Course Abstract

Training duration: 4 hr (Hands-on)

How many times a day do you use search engines or autocorrect? Do you translate text from one language to another? Getting computers to understand language like humans understand language is the key to solving many problems. However, there are so many things to learn! This course is the perfect place to start. We'll start by defining natural language processing (NLP) and exploring its uses. We'll see how NLP is biased and how to proactively reduce bias. We'll understand the process of tackling NLP problems, including cleaning text data and converting it so that we build models with text data. We'll cover vectorizers, hyperparameters, and pipelines. You'll come away with a full understanding of how to tackle an NLP problem. All of this will be done in Python! You'll know how to do these things in Python, because we'll do them together. If you don't have a strong Python background right now or if you don't know much about machine learning yet, that's OK! We'll assume no prior knowledge and get you set up. This is perfect for beginners, those who want to learn how to do these things in Python, and/or those who want to refresh their skills.

DIFFICULTY LEVEL: BEGINNER

Learning Objectives

  • Clean text data with regular expressions and tokenization

  • Learn lemmatizing and stemming, including how and when to use these techniques

  • Transform data with CountVectorizer and TFIDFVectorizer

  • Fit machine learning models in scikit-learn and evaluate their performance

  • Build pipelines and GridSearch over NLP hyperparameters

Instructor Bio:

Matt Brems

Global Lead Data Science Instructor | General Assembly

Matt Brems

Matt is currently Managing Partner and Principal Data Scientist at BetaVector. His full-time professional data work spans finance, education, consumer-packaged goods, and politics and he earned General Assembly's 2019 "Distinguished Faculty Member of the Year" award. Matt earned his Master's degree in statistics from Ohio State. Matt is passionate about responsibly putting the power of machine learning into the hands of as many people as possible and mentoring folx in data and tech careers. Matt also volunteers with Statistics Without Borders and currently serves on their Executive Committee as the Marketing & Communications Director.

Course Outline

Module 1: Introduction to Natural Language Processing (NLP)

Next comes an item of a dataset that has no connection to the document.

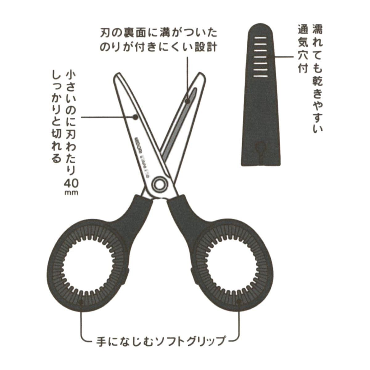 刃わたりが40mmあるので、小さくてもしっかり切れるハサミです。ハンドルは安定して握りやすいソフトグリップ。

- What is natural language processing?

- What are the applications of NLP?

- What is bias in NLP?


Module 2: Cleaning Text Data

- What is tokenizing, and how do we do it?

- What are regular expressions (RegEx), and how can they be used?

- What is lemmatizing and stemming?


Module 3: Converting Text Data to Model Features

- What is vectorizing?

- How do we properly construct training and testing sets when working with NLP vectors?

- What is CountVectorizer and when should it be used?

- What is TFIDFVectorizer and when should it be used?


Module 4: Hyperparameters in NLP

- What are hyperparameters? What are NLP hyperparameters?

- What are stop words and how do they affect our model?

- What are n-grams and how do they affect our model?

- What are max_features, max_df, and min_df, and how do they affect our model?


Module 5: Machine Learning with Pipelines in NLP

- What are considerations of fitting machine learning models in NLP?

- What are pipelines and GridSearch?

- How do we automate model selection with pipelines?

Background knowledge

  • All code is written in Python, so experience is helpful. However, solutions are provided so a Python background is not required

  • Some experience with machine learning is helpful, but not necessary

  • No background in NLP

Applicable Use-cases

  • Natural language processing is useful all over the place! Are you looking to build a chatbot? Are you working with text data like customer feedback that you need to clean and standardize? Just want to add a new skill to your resume?

  • Data scientists: If you're new to working with natural language data, this is for you

  • Developers or engineers: If you know Python but don't have a ton of data science experience (especially with text data), this is for you

  • Linguists and language enthusiasts: If you don't think you have the "technical background" of Python or machine learning, you'll be able to quickly level up. This is for you, too!